Comment réussiront-ils maintenant à rejoindre qui que ce soit lorsque notre environnement médiatique est si mal en point? Les indicateurs de vitalité de courriers de lecteurs, de rétroactions web et de niveaux d’activités sur les médias sociaux demeurent anémiques sinon inexistants à ce jour. L’annonce du sondage sur les médias sociaux, la dernière chance de ratissage franco, a généré tout autant d’intérêt, i.e. zilch. Comment pensent-ils *véritablement* rejoindre des gens qui ont abandonné depuis longtemps leurs médias francophones? Ne savent-ils pas déjà à partir des statistiques du web que des contenus bonbons ne nourrissent pas, que des contenus doivent nous engager lorsque tort nous est causé ou encore des contenus imbuvables ne devraient pas nous être présentés comme des exemples à suivre, peu importe le copinage. L’humoriste québécois Marc Labrèche ne s’est certes pas gêné pour signaler le navet TV de “C’est ça la vie”. Nos médias n’ont pas même été capables de relever le délire de projet d’une télévision francophone pan-canadienne proposée par “La Fondation canadienne pour le dialogue des cultures” pour consacrer nos retards et ainsi continuer à ignorer la dysfonctialité choquante entre Radio-Canada et CBC, pour les moindrement métissés anglo/franco. Faut-il s’étonner de la part de gens qui ne sont toujours pas branchés en 2010 qu’une “Ottawa-isation” des nouvelles, affaires publiques et autres contenus maintenant que sa Montréalisation semble désamorcée: la revue de presse “nationale”, les “Carnets de Christian”, et le toujours imbuvable “C’est ça la vie” sur un médium … mort.
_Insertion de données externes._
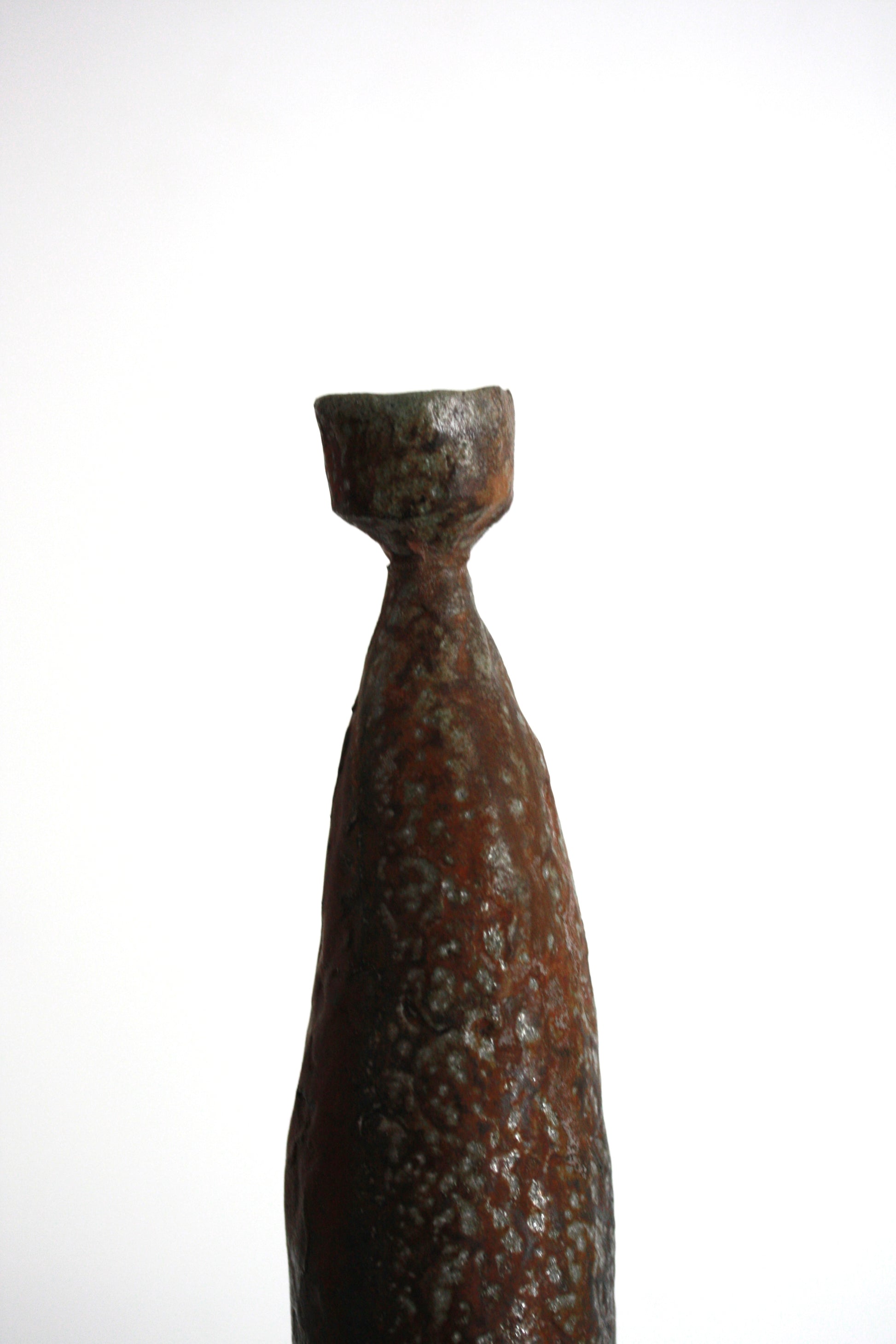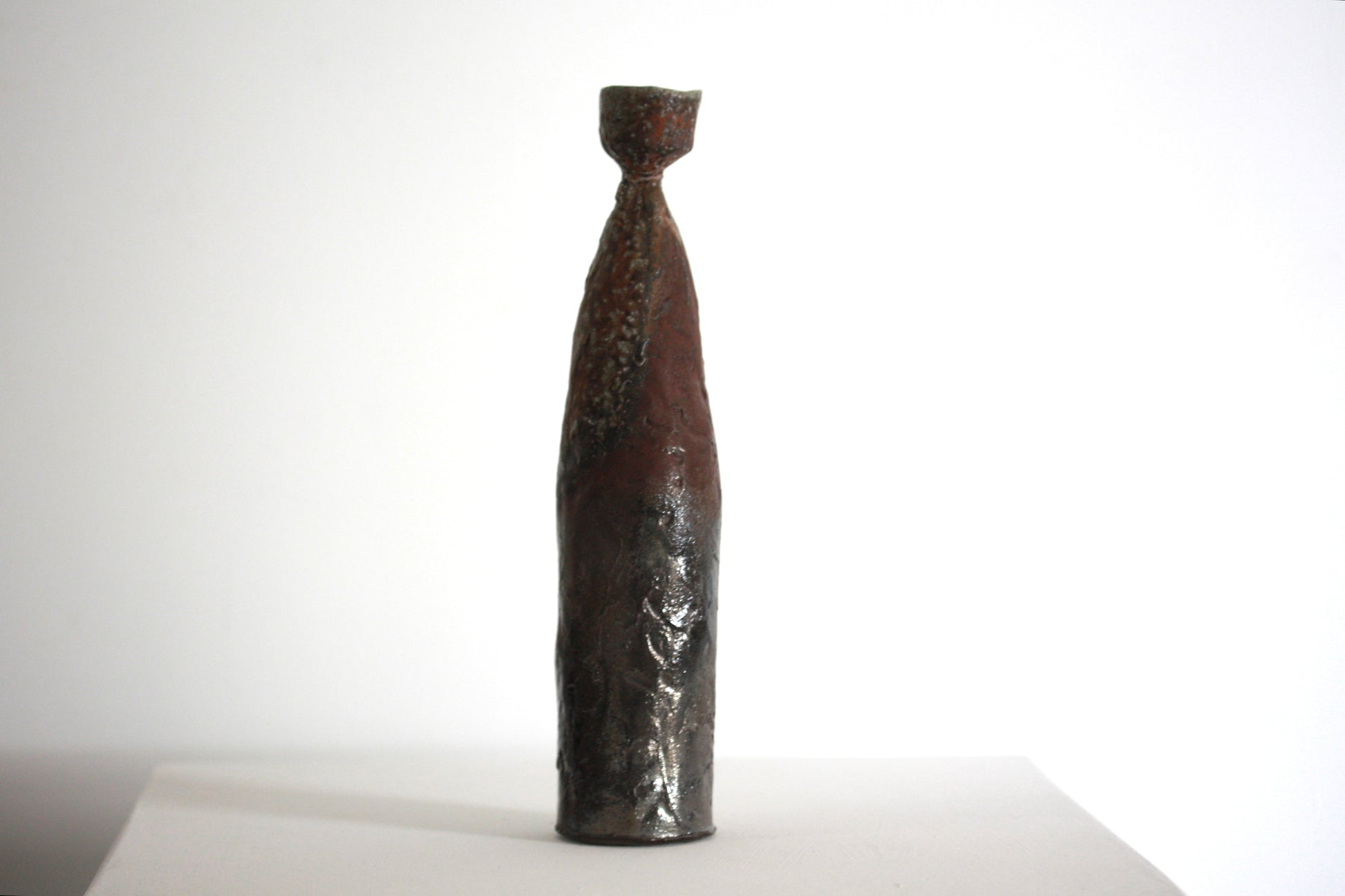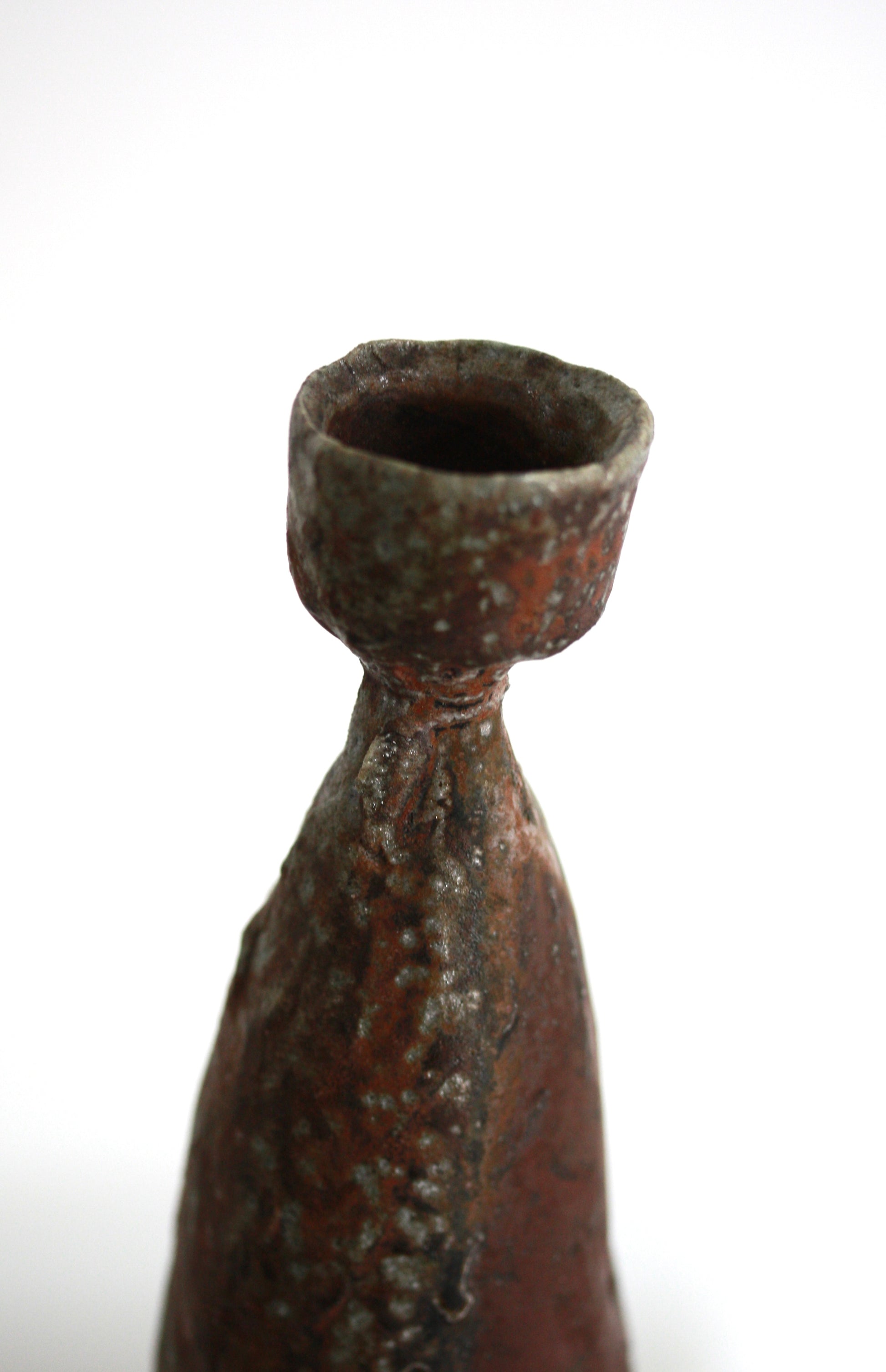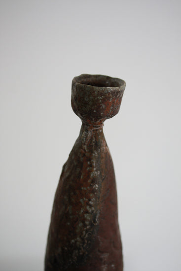 Coil built candlestick in stoneware clay. Wood fired in an Anagama kiln and reduction cooled.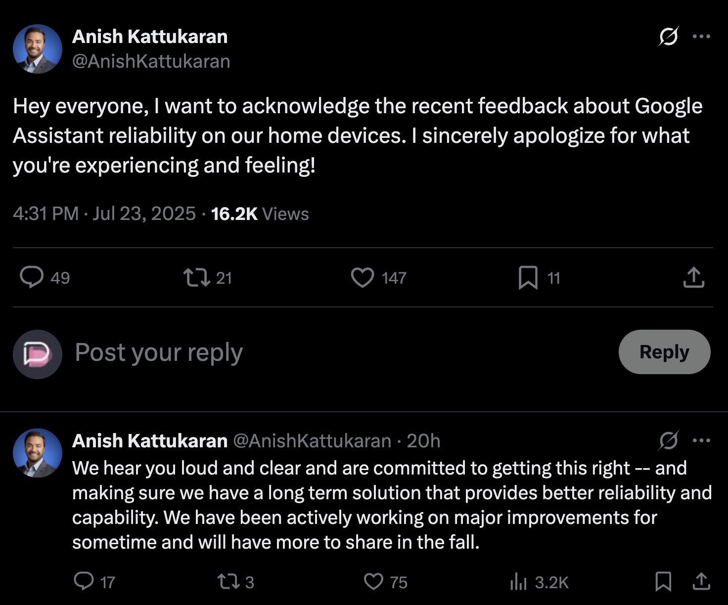 Google’s Chief Product Officer for Google Home, Anish Kattukaran, randomly took to Twitter this week to acknowledge to the world that they have heard your feedback about the failings of Google Assistant on Home products. In his post, he “sincerely” apologized for current experiences that folks are having and then committed to getting it all right.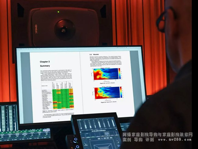 報告分析了多項聲學變量,主要包含頻率響應精準度、聽音位置上的早期反射聲占比、延時精準度、早期反射聲結構,以及完整的房間聲學分析,評估是否符合 ITU-R BS.1116 建議中的最佳指標等。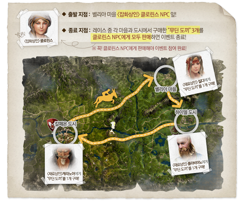 1. 이벤트 시작 전까지 벨리아 마을 잡화상인 클로린스 NPC 앞으로 이동해 주세요.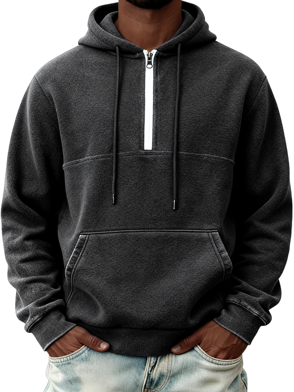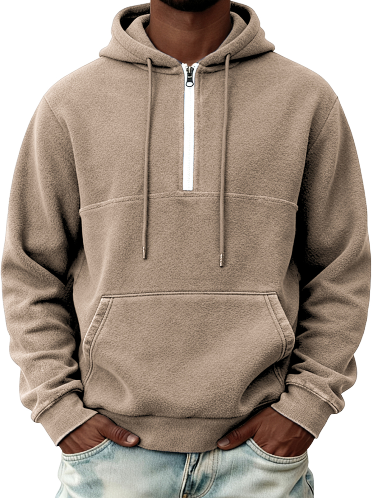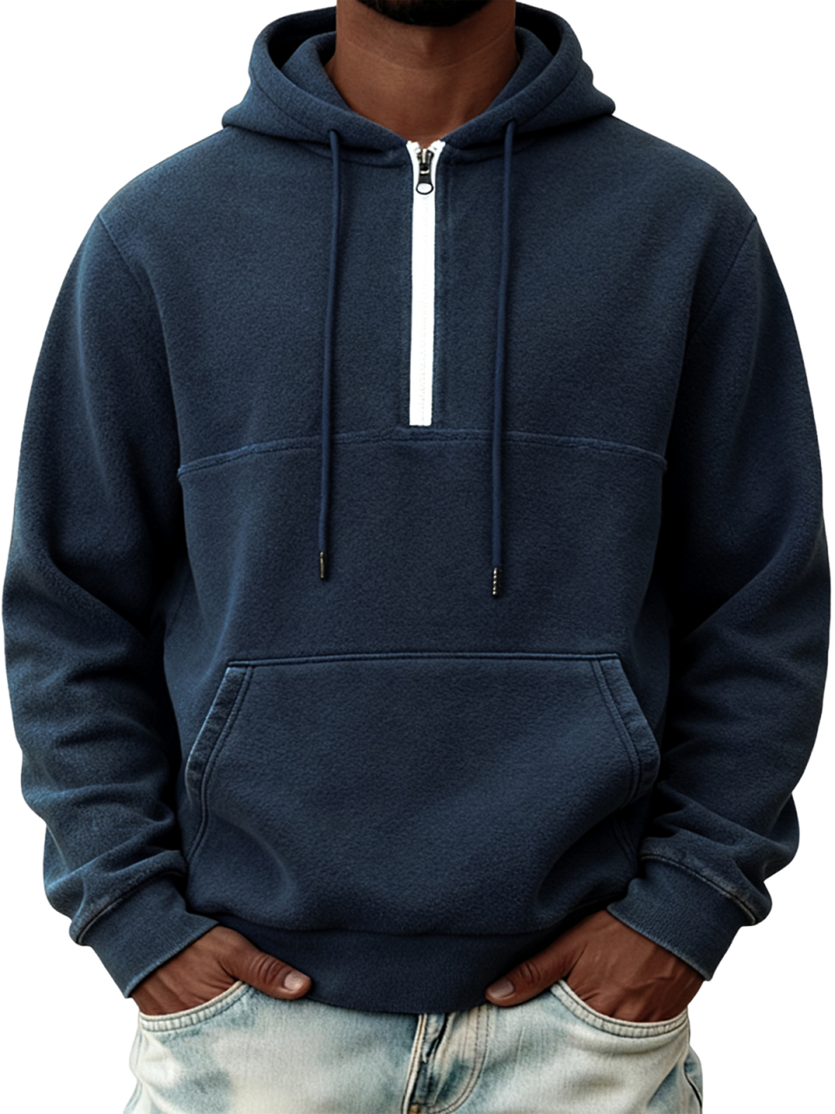Men's Warm Fleece Half-zip Hooded Sweatshirt

Grosso modo, s’approprier tous les nouveaux budgets sous de belles intentions, ce que la même gang fait depuis une éternité avec les “Rendez-vous de la Francophonie”, la tournée du Francodome lors du 400ième de Québec, ou plus récemment sur le Centre de la Francophonie des Jeux Olympiques. Quelques miettes sont laissées en régions dans le dernier cercle de copinage. Faut-il s’étonner que nos fédérations de médias communautaires désirent maintenant tenir et contrôler un sondage plutôt que d’engager un véritable dialogue avec les éléments les plus motivés de ce qui reste de sa base utilisant la recette pourtant bien démontrée des médias sociaux? Qu’est-ce que la firme québécoise de sondage Léger Marketing peut bien y faire, autrement que prétendre que tout va bien dans le meilleur des mondes et encaisser le chèque comme tous les autres, bien qu’il n’y ait plus personne vraiment là.